KARACHI: The government will borrow Rs4.8 trillion from the banking sector in next three months to reduce the fiscal gap, according to the central bank’s latest data.

The government aimed to raise Rs4 trillion through market treasury bills and Rs825 billion from Pakistan Investment Bonds up to the end of May, according to the auction calendar of the State Bank of Pakistan (SBP).

Despite apparent reliance on short-term treasury bills, analysts said the government’s debt strategy shows that it wants to borrow more from long tenor papers, especially by focusing on floating rate PIBs, and sukuk to meet its spending requirements. This will help reduce the cost of borrowing of the government in times to come, they said.

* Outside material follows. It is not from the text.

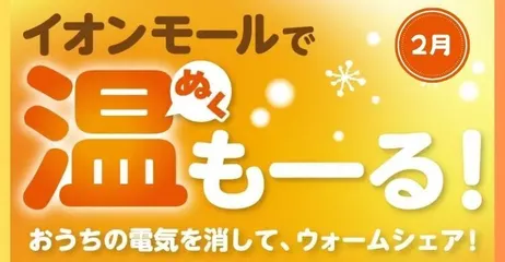 ■イオンモールで温(ぬく)モール おうちの電気を消して、ウォームシェア! おうちの電気を消して、ウォームシェア!いつでも快適なイオンモール高崎で体も心もぬくぬく過ごしませんか?寒い冬の時期に快適に過ごしていただけるように、イオンモール高崎ではお買物・お食事はもちろん、館内で楽し

“The target for treasury bills is slightly higher than the maturity amount. For PIBs this delta is higher which is healthy and points towards government's increasing inclination towards longer tenor which is likely because of the IMF,” said Saad Hashemy, executive director at BMA Capital.

The International Monetary Fund (IMF) last month resumed $6 billion loan program for Pakistan after one year break.

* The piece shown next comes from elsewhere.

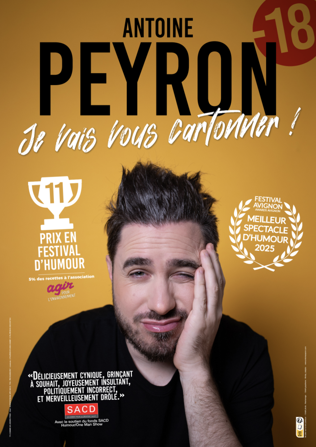 Success story : Antoine enchaîne les salles combles partout en France depuis 2024. Plus de 11 prix remportés en festivals d’humour dont celui du meilleur spectacle du Festival d’Avignon 2025 (catégorie humour), plus de 600 critiques 5 étoiles sur BilletReduc (10/10), et un spectacle soutenu par la SACD dans le cadre du fonds Humour/One Man Show.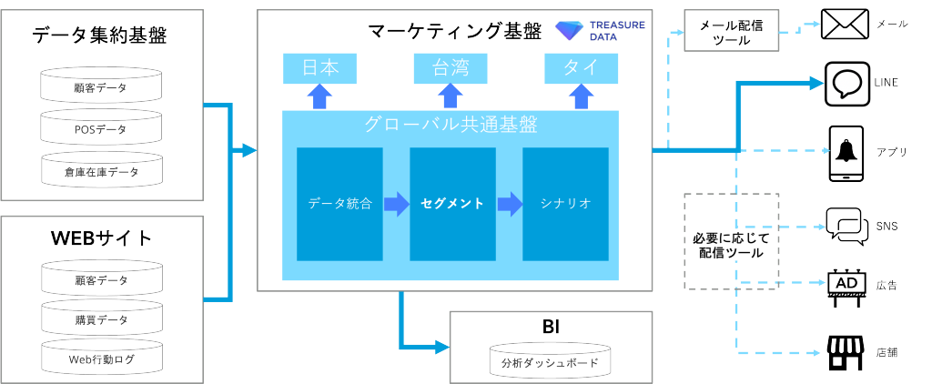 鳥居:もともと広告宣伝に関して電通グループには継続的に支援いただいており、クリエイティブ開発や来店効果の計測など様々な場面で連携していました。Treasure Data CDPを選んだ理由は、使いやすさと拡張性、そして既に海外展開の実績があった点です。

The SBP said it will hold fortnightly auctions for three-, six- and 12-month treasury bills. Rs375 billion would be raised through three-, five- 10-, 15-, 20-, and 30-year fixed rate Pakistan Investment Bonds, Rs180 billion from five-year and Rs180 billion from three-year PIBs on floating rate. The State Bank will also auction Rs90 billion worth of a two-year floating rate PIB in the period under review.

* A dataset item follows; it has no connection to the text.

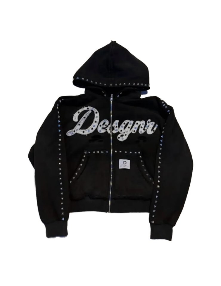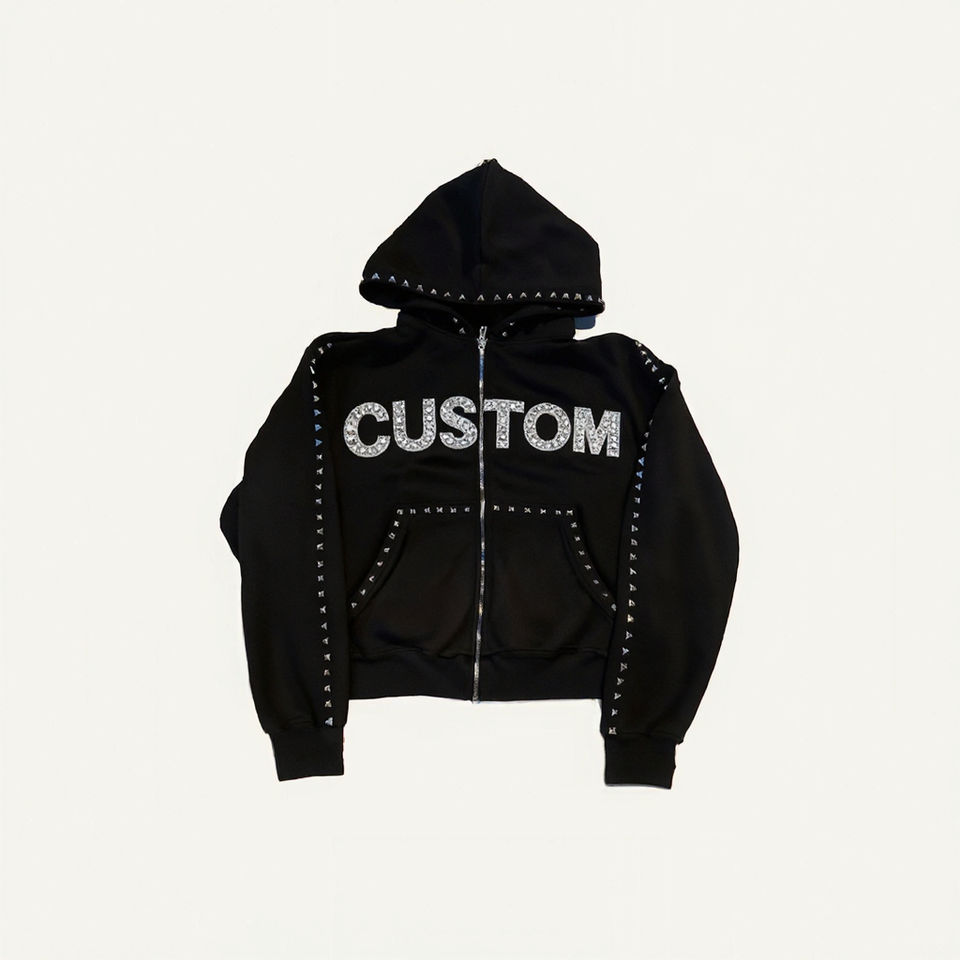 เสื้อผ้าสตรีทแวร์วินเทจผ้าฝ้ายแท้ 100% ไม่มีภาษีในสหรัฐอเมริกา ซิปแบบเฟรนช์เทอร์รี่เนื้อหนา ล้างสีแบบแอซิด ประดับคริสตัล ปักลายแบบซันเฟด

The government raised Rs1.49 trillion net financing in the first half (July-December) of the current fiscal year of 2020/21. It raised Rs450 billion from the privatisation, external grants and borrowings. In the first half, domestic borrowing fetched the government Rs1 trillion.

Analysts said the government’s objective during the current half of this fiscal year is to lengthen the average time to maturity of its securities. It also wants to increase the proportion of shariah-compliant debt.

The government’s strategy is likely to raise more debt through PIBs and sukuks instead of T-bills. It is likely to adhere to auction targets within permissible limits.

The government is expected to give focus to the greater issuance of fixed-rate securities at reasonable rates and spreads. It could continue to issue shariah-compliant securities.

The budget deficit increased to Rs1.4 trillion in July-December of the current fiscal year. The deficit as a percentage of GDP stood at 2.5 percent.